Differentially private cluster analysis has also been studied in prior work. Zhang et al. [38] proposed differentially private model fitting based on genetic algorithms and McSherry [27] introduced the PINQ framework, both of which have been applied to achieve differentially privacy for k-means clustering. Nissim et al. [29] proposed the sample-aggregate framework that calibrates the noise magnitude according to the smooth sensitivity of a function. Their framework can be applied to k-means clustering under the assumption that the dataset is well-separated. Chen et al. [8] proposed several techniques that achieve differential privacy for WaveCluster [32, 33], which can capture spatial information to detect clusters with complex shapes, e.g. concave shapes. Leveraging private clustering analysis for computing k-skyband results would easily miss some partitions that contain a small number of k-skyband points, since these partitions are too sparse to form clusters.

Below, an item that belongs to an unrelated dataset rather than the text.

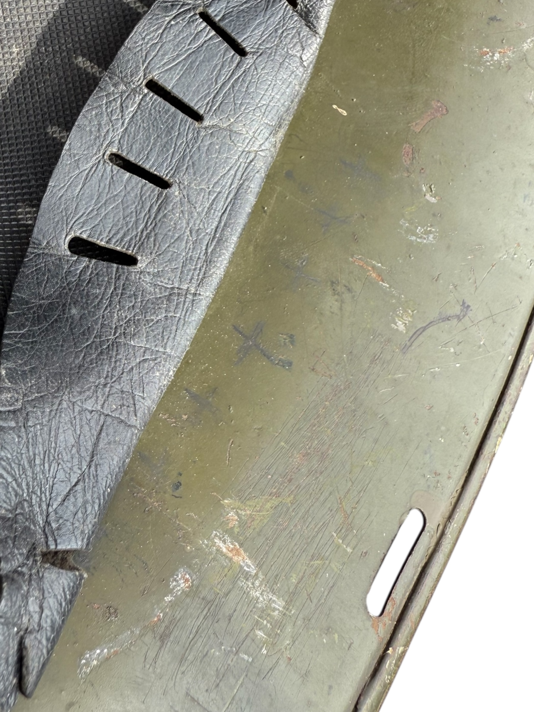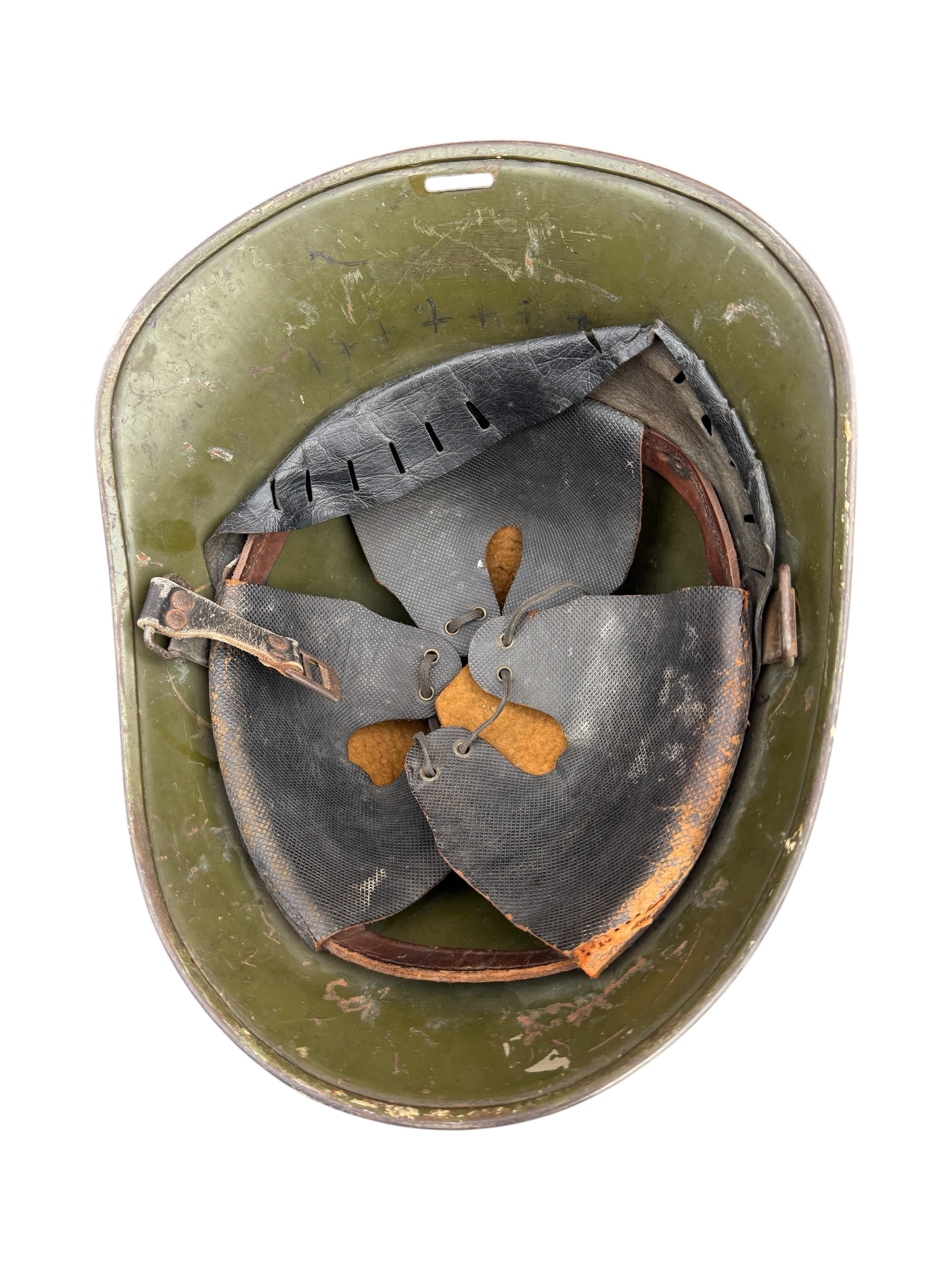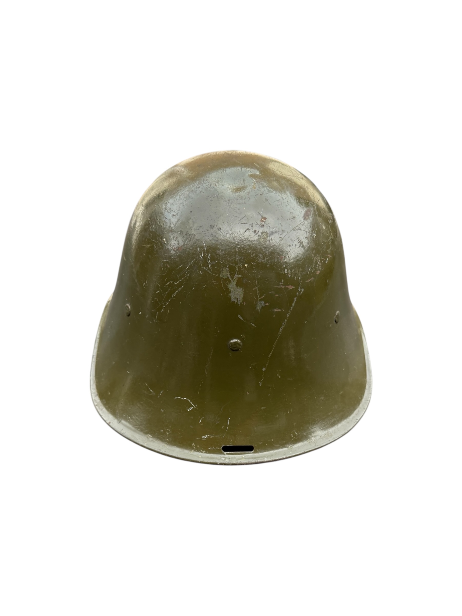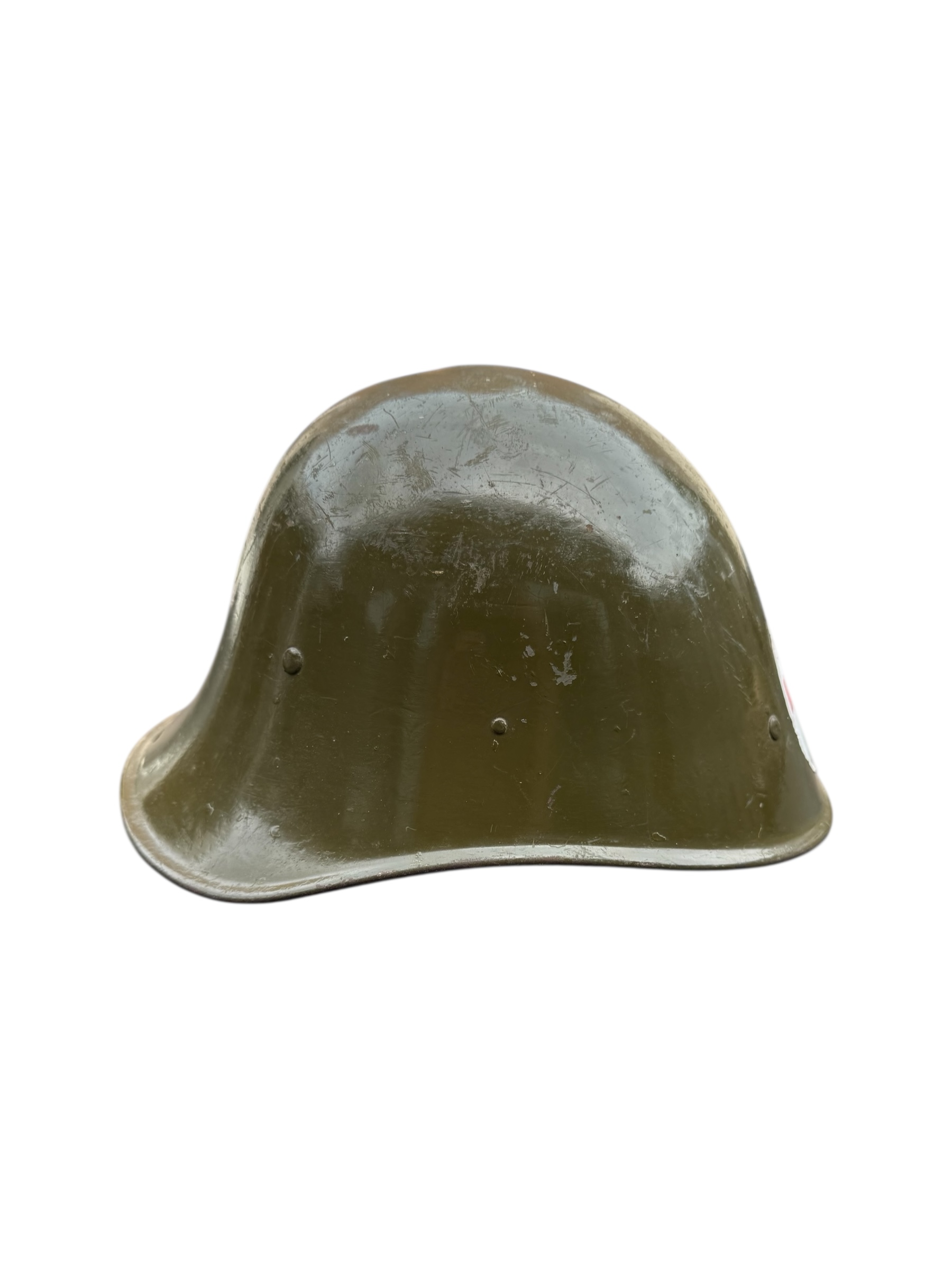 Nederlandse WO2 Rode Kruis helm in nette gedragen staat. Deze is voorzien van een bruin-groene verflaag en een handgeschilderd rood kruis aan de voorzijde. Een bijzonder en authentiek stuk met karakter.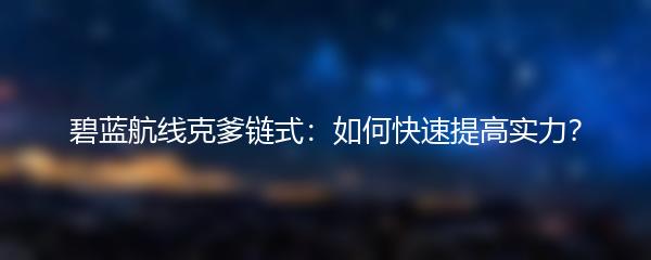 碧蓝航线的克爹链式让不少玩家头疼,如何快速提高实力呢?下面小编为大家分享一些实用的攻略:

Another important line of prior work focuses on privacy-preserving database queries over sensitive data distributed among multiple parties. Recently, the advances in the theory of secure multiparty computations [6, 17, 18] proved that comparison, addition, and multiplication (XOR and AND) can be computed securely with reasonable computation cost. Based on these primitive protocols, a line of research has focused on developing efficient secure multi-party communication protocols for various database queries, such as set operations [4, 28], top-k queries [34]. These protocols focus on protecting the privacy of the data among multiple parties and only the final query results are released to the public, while our work presents an approach to release the query results without compromising individual privacy of the individuals. What’s more, there are no existing secure protocols for \(k\)-skyband queries, and building such protocols is not trivial.

6 Conclusion

In this paper we have addressed the problem of k-skyband queries with differential privacy. We propose a general technique BBS-Priv that accepts any space decomposition tree with differential privacy as input and selective performs data synthesis for interested tree nodes to compute private k-skyband results. To improve the query accuracy, we further devise a new space decomposition tree k-skyband tree specifically optimized for k-skyband queries, which partitions the space based on k other than median value or midpoint of each dimension. We further present a suite of techniques to publish a k-skyband tree satisfying differential privacy, and propose a post-processing technique to improve accuracy by suppressing data synthesis on those partitions whose noisy counts become positive from zero. In the future, we will investigate under differential privacy other categories of multi-criteria decision making queries, such as top-k dominating queries.